→ EXERCISE BRIEF
The full set of entries should be repeated without a single change.
═════ EXTRACTED DATA ═════
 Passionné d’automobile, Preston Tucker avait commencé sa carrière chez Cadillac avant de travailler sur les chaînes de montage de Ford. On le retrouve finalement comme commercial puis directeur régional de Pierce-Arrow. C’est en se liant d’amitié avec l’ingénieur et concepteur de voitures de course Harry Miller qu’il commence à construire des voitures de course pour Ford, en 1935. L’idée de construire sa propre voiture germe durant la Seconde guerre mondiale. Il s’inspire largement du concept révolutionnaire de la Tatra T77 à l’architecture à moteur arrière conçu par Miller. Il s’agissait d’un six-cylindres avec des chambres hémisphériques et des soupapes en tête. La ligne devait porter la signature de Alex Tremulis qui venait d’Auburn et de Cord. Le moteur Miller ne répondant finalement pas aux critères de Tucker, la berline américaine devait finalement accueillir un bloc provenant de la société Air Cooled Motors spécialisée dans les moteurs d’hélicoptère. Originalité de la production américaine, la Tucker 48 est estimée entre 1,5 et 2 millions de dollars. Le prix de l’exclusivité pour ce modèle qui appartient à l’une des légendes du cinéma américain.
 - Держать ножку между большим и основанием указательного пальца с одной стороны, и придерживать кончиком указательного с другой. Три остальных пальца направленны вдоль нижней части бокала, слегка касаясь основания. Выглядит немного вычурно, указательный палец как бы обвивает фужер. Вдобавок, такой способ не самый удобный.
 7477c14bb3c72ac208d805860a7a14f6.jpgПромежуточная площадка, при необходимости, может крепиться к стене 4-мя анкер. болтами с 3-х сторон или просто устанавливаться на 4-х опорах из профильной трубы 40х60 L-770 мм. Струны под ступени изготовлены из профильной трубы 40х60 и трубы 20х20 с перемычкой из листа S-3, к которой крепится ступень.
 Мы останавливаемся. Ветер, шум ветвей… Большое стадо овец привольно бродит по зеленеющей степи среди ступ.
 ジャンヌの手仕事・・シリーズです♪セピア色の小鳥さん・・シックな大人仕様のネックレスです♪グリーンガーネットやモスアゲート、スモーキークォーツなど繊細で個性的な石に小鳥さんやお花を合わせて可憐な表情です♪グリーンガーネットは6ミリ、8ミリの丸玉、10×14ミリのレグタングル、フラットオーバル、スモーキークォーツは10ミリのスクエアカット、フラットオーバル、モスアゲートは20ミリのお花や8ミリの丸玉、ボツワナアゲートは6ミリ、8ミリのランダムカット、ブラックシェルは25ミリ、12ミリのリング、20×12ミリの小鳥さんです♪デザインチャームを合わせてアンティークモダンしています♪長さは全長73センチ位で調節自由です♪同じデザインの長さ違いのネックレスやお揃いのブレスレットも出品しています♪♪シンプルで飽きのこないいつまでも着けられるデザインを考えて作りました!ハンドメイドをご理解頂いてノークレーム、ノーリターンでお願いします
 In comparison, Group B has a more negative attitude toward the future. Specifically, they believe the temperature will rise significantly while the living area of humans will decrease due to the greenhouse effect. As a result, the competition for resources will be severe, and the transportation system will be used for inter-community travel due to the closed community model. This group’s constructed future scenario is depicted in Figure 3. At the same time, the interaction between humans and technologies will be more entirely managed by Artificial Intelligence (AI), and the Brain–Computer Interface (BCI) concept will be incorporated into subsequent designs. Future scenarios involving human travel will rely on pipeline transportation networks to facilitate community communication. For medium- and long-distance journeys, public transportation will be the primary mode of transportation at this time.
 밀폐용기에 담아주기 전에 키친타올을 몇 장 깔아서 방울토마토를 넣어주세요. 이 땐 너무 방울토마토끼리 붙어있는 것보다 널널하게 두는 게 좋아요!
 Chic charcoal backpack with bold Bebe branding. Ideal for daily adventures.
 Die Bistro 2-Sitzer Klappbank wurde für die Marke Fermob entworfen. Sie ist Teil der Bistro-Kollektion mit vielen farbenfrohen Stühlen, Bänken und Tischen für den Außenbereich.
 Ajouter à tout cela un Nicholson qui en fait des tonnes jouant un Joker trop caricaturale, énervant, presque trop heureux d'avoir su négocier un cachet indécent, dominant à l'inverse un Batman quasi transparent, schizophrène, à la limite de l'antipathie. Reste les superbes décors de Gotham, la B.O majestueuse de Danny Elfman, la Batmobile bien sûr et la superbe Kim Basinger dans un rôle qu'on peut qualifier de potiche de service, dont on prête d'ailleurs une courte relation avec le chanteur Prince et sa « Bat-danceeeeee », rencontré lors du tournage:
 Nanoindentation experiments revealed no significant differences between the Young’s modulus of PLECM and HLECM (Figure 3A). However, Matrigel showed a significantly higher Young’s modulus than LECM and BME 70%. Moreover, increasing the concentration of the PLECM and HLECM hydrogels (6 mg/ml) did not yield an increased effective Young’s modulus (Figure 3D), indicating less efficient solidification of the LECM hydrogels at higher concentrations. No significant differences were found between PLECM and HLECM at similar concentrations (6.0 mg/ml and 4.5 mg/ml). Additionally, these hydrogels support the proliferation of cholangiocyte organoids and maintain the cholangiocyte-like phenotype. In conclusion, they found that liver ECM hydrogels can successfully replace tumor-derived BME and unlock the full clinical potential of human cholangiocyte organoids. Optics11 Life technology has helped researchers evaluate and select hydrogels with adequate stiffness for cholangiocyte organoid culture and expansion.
═════
→ COMPLETED EXERCISE
 Passionné d’automobile, Preston Tucker avait commencé sa carrière chez Cadillac avant de travailler sur les chaînes de montage de Ford. On le retrouve finalement comme commercial puis directeur régional de Pierce-Arrow. C’est en se liant d’amitié avec l’ingénieur et concepteur de voitures de course Harry Miller qu’il commence à construire des voitures de course pour Ford, en 1935. L’idée de construire sa propre voiture germe durant la Seconde guerre mondiale. Il s’inspire largement du concept révolutionnaire de la Tatra T77 à l’architecture à moteur arrière conçu par Miller. Il s’agissait d’un six-cylindres avec des chambres hémisphériques et des soupapes en tête. La ligne devait porter la signature de Alex Tremulis qui venait d’Auburn et de Cord. Le moteur Miller ne répondant finalement pas aux critères de Tucker, la berline américaine devait finalement accueillir un bloc provenant de la société Air Cooled Motors spécialisée dans les moteurs d’hélicoptère. Originalité de la production américaine, la Tucker 48 est estimée entre 1,5 et 2 millions de dollars. Le prix de l’exclusivité pour ce modèle qui appartient à l’une des légendes du cinéma américain.
 - Держать ножку между большим и основанием указательного пальца с одной стороны, и придерживать кончиком указательного с другой. Три остальных пальца направленны вдоль нижней части бокала, слегка касаясь основания. Выглядит немного вычурно, указательный палец как бы обвивает фужер. Вдобавок, такой способ не самый удобный.
 7477c14bb3c72ac208d805860a7a14f6.jpgПромежуточная площадка, при необходимости, может крепиться к стене 4-мя анкер. болтами с 3-х сторон или просто устанавливаться на 4-х опорах из профильной трубы 40х60 L-770 мм. Струны под ступени изготовлены из профильной трубы 40х60 и трубы 20х20 с перемычкой из листа S-3, к которой крепится ступень.
 Мы останавливаемся. Ветер, шум ветвей… Большое стадо овец привольно бродит по зеленеющей степи среди ступ.
 ジャンヌの手仕事・・シリーズです♪セピア色の小鳥さん・・シックな大人仕様のネックレスです♪グリーンガーネットやモスアゲート、スモーキークォーツなど繊細で個性的な石に小鳥さんやお花を合わせて可憐な表情です♪グリーンガーネットは6ミリ、8ミリの丸玉、10×14ミリのレグタングル、フラットオーバル、スモーキークォーツは10ミリのスクエアカット、フラットオーバル、モスアゲートは20ミリのお花や8ミリの丸玉、ボツワナアゲートは6ミリ、8ミリのランダムカット、ブラックシェルは25ミリ、12ミリのリング、20×12ミリの小鳥さんです♪デザインチャームを合わせてアンティークモダンしています♪長さは全長73センチ位で調節自由です♪同じデザインの長さ違いのネックレスやお揃いのブレスレットも出品しています♪♪シンプルで飽きのこないいつまでも着けられるデザインを考えて作りました!ハンドメイドをご理解頂いてノークレーム、ノーリターンでお願いします
 In comparison, Group B has a more negative attitude toward the future. Specifically, they believe the temperature will rise significantly while the living area of humans will decrease due to the greenhouse effect. As a result, the competition for resources will be severe, and the transportation system will be used for inter-community travel due to the closed community model. This group’s constructed future scenario is depicted in Figure 3. At the same time, the interaction between humans and technologies will be more entirely managed by Artificial Intelligence (AI), and the Brain–Computer Interface (BCI) concept will be incorporated into subsequent designs. Future scenarios involving human travel will rely on pipeline transportation networks to facilitate community communication. For medium- and long-distance journeys, public transportation will be the primary mode of transportation at this time.
 밀폐용기에 담아주기 전에 키친타올을 몇 장 깔아서 방울토마토를 넣어주세요. 이 땐 너무 방울토마토끼리 붙어있는 것보다 널널하게 두는 게 좋아요!
 Chic charcoal backpack with bold Bebe branding. Ideal for daily adventures.
 Die Bistro 2-Sitzer Klappbank wurde für die Marke Fermob entworfen. Sie ist Teil der Bistro-Kollektion mit vielen farbenfrohen Stühlen, Bänken und Tischen für den Außenbereich.
 Ajouter à tout cela un Nicholson qui en fait des tonnes jouant un Joker trop caricaturale, énervant, presque trop heureux d'avoir su négocier un cachet indécent, dominant à l'inverse un Batman quasi transparent, schizophrène, à la limite de l'antipathie. Reste les superbes décors de Gotham, la B.O majestueuse de Danny Elfman, la Batmobile bien sûr et la superbe Kim Basinger dans un rôle qu'on peut qualifier de potiche de service, dont on prête d'ailleurs une courte relation avec le chanteur Prince et sa « Bat-danceeeeee », rencontré lors du tournage:
 Nanoindentation experiments revealed no significant differences between the Young’s modulus of PLECM and HLECM (Figure 3A). However, Matrigel showed a significantly higher Young’s modulus than LECM and BME 70%. Moreover, increasing the concentration of the PLECM and HLECM hydrogels (6 mg/ml) did not yield an increased effective Young’s modulus (Figure 3D), indicating less efficient solidification of the LECM hydrogels at higher concentrations. No significant differences were found between PLECM and HLECM at similar concentrations (6.0 mg/ml and 4.5 mg/ml). Additionally, these hydrogels support the proliferation of cholangiocyte organoids and maintain the cholangiocyte-like phenotype. In conclusion, they found that liver ECM hydrogels can successfully replace tumor-derived BME and unlock the full clinical potential of human cholangiocyte organoids. Optics11 Life technology has helped researchers evaluate and select hydrogels with adequate stiffness for cholangiocyte organoid culture and expansion.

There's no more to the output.